Fallait s'y attendre !

Effectivement, elles sont pas évidentes les thèses que tu défends, et faut avouer que tu y vas fort en rejettant dos à dos fiscalistes et anti-fiscalistes, alors qu'Olivier s'acharne à convaincre un mec qui met toute la mauvaise foi du monde pour échapper de justesse à de vrais arguments. Faire la nique au langage sur un forum de discussion, c'est un peu comme vouloir transformer les églises en mosquées sur un site catho... çà se fait mais faut pouvoir en supporter les conséquences, et tenir le débat dans le temps. Si tu y crois vraiment, ne baisse pas les bras, même si pour ma part je pense que c'est une contradiction dans les termes.
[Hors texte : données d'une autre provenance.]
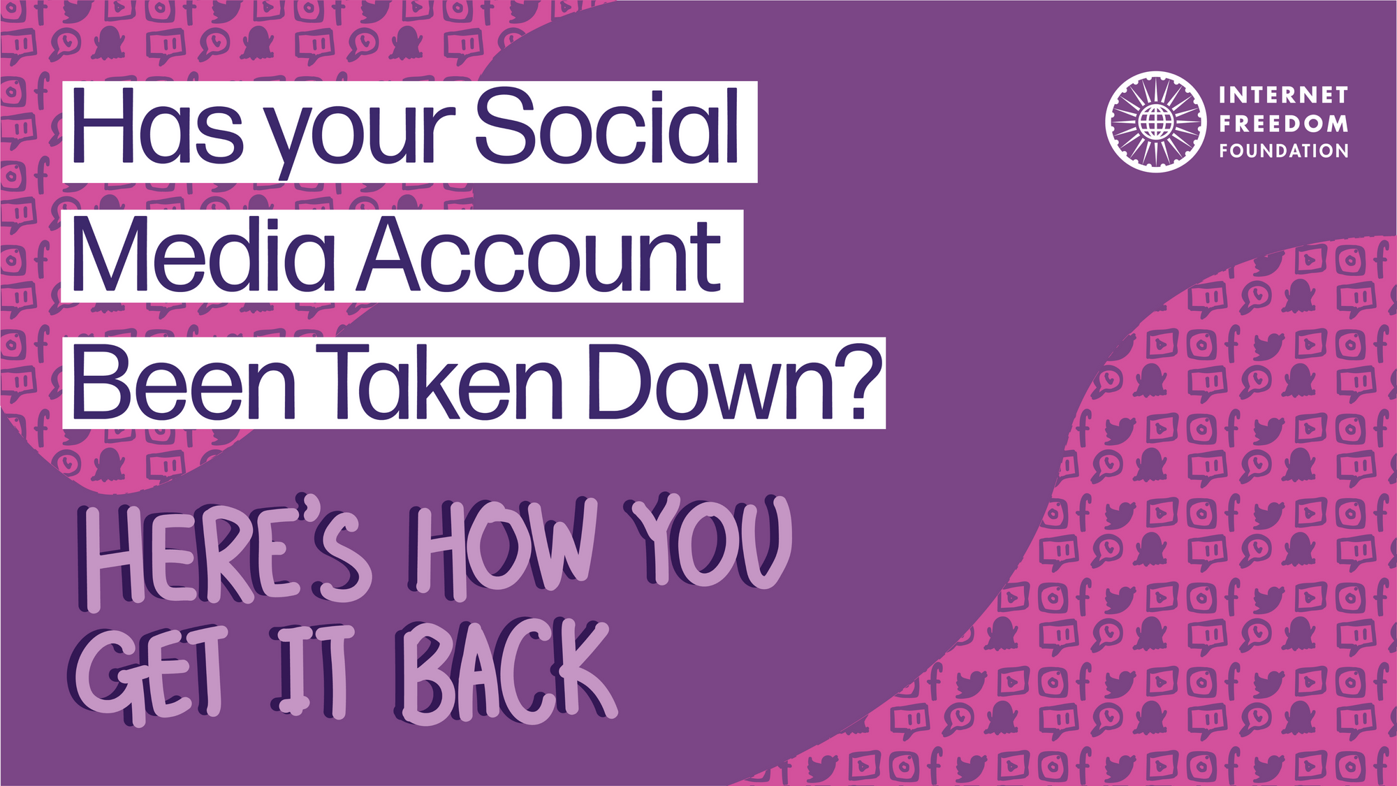You may also file a RTI application with the Ministry of Electronics and Information Technology, the Ministry of Home Affairs and the Ministry of Information and Broadcasting through the online portal, seeking information regarding why your account has been restricted. You may also choose to send a legal notice to the platforms challenging the blocking and demanding your account be restored without delay.

T'en fais pas pour autant, ça tape dur mais c'est pas méchant, faut voir ce qu'Archange se prend dans la gueule en permanence. J'attends ta réponse sur le rapport entre multiculturalisme et ton choix triangulaire (platon, nietzsche, bidochon), mais je pense qu'il vaudrait mieux centrer tes propos autour d'une question, quitte à developper des correspondances par la suite. En effet, le problème de ton texte est qu'il dit des choses auxquels correspondent des enjeux considérables, mais qu'il le fait sur le ton enjoué de l'évidence. Prends le temps de choisir un thème, ou de réfléchir à un thème déjà commencé, et tente de soutenir une idée qui te tient à coeur. Le débat coulera de source... Ce que nous essayons de faire depuis quelques temps, c'est vraiment de fonctionner par hypothèses, questions et critiques. Le sujet progresse en même temps que les participants. En faisant de ton texte une totalité close, où se rencontrent à la fois thèses et invectives, blagues et vocabulaire à rallonge, tu tentes quelque chose de risqué : tu es sur un fil. Devant toi l'oeuvre d'art, sous tes pieds l'échec.